Management of Immobility in the Elderly

Historically, bed rest was thought to be best practice to aid recovery and facilitate the healing process in the body. It wasn’t fully recognised until the 1950s / 60s that the human body has evolved to function optimally in the upright position, not the supine position. Over time, research has highlighted the issues that patients develop when experiencing periods of immobility.

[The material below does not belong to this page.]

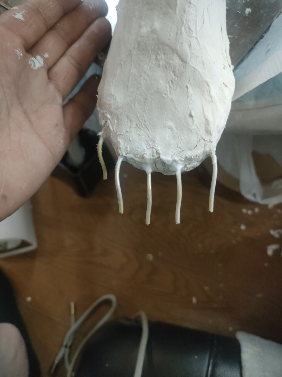 指の骨になるワイヤー入れました。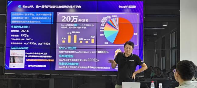 微课程首日,视+AR联合创始人、副总裁兼COO涂意围绕“元宇宙与空间计算技术”做主题报告。他从互联网演进历程切入,系统阐释了元宇宙作为下一代互联网形态的核心特征与发展趋势,并指出空间计算是实现虚实融合、打造沉浸式体验的关键技术支撑。涂意重点介绍了EasyAR Mega空间计算平台的整体架构与典型应用场景。该平台不仅提供高精度地图构建、大规模环境感知、实时定位与动态跟踪等核心能力,还广泛服务于工业制造、文化展览、智慧零售等领域。他举例提到,基于EasyAR Mega开发的应用可帮助工程师在设备上实时查看参数与操作指引,或在博物馆实现文物“数字复活”,增强观众互动体验。在理论教学的同时,涂意还指导学生完成平台账号注册与环境配置,为后续开发实践奠定基础。

Click here for a brief summary of the complications of immobility in the elderly.

Click here for a detailed series of the complications of immobility.

Reduced mobility is extremely common amongst elderly hospital patients. Illness, an unfamiliar environment and anxiety all contribute to the problem. For some, reduced mobility is a long-term issue, exacerbated during hospital admission.

Effective management of immobility in the elderly is extremely important for their physical and mental well-being, and for their recovery. It’s therefore vital that elderly patients are mobilised as early as possible during their hospital stay.

The patient’s bed is central to hospital life and utilising it for promoting mobility should be a priority. Some of the ways that this can be done are listed below:1,2

  • Raising the backrest from a supine to upright position increases heart rate and stroke volume which then has a positive impact on blood flow and redistribution. It also increases lung expansion for better oxygenation and movement of secretions to prevent chest infections.
  • Bending the knee-break prevents the patient from sliding down the bed, reducing pressure, shear and friction on the skin and therefore reducing pressure ulcer risk.
  • A cardiac chair position achieves the above benefits, plus gives gravitational advantages such as better urinary tract drainage which in turn helps to prevent stasis and infection. It also gives an important psychological boost to the patient, as a sitting position feels more natural during waking hours. Eating and drinking are easier in a chair position, helping to improve hydration, nutrition and gut motility. Improved hydration can correct fluid and electrolyte imbalances and reduce blood viscosity, reducing the risk of DVT / PE. Improved nutrition promotes healing and increased gut mobility helps to prevent constipation / intestinal obstruction.
  • Safely mobilising the patient from a sitting to standing position benefits all body systems, and weight bearing will help to reverse muscle deconditioning, strengthen bones and prevent contractures.

In summary, all body systems benefit from early mobilisation and a hospital bed which can achieve this safely for all patients will help to increase their ability to recover and result in positive outcomes.

References
1. Olson EV (1967) The hazards of immobility. American Journal of Nursing 67 (4): 781-796.
2. Dean E (1999) The effect of positioning and mobilisation on oxygen transport. In: Pryor JA & Webber BA (eds) Physiotherapy for respiratory and cardiac problems (2nd edition), Churchill Livingstone, London pp121-136.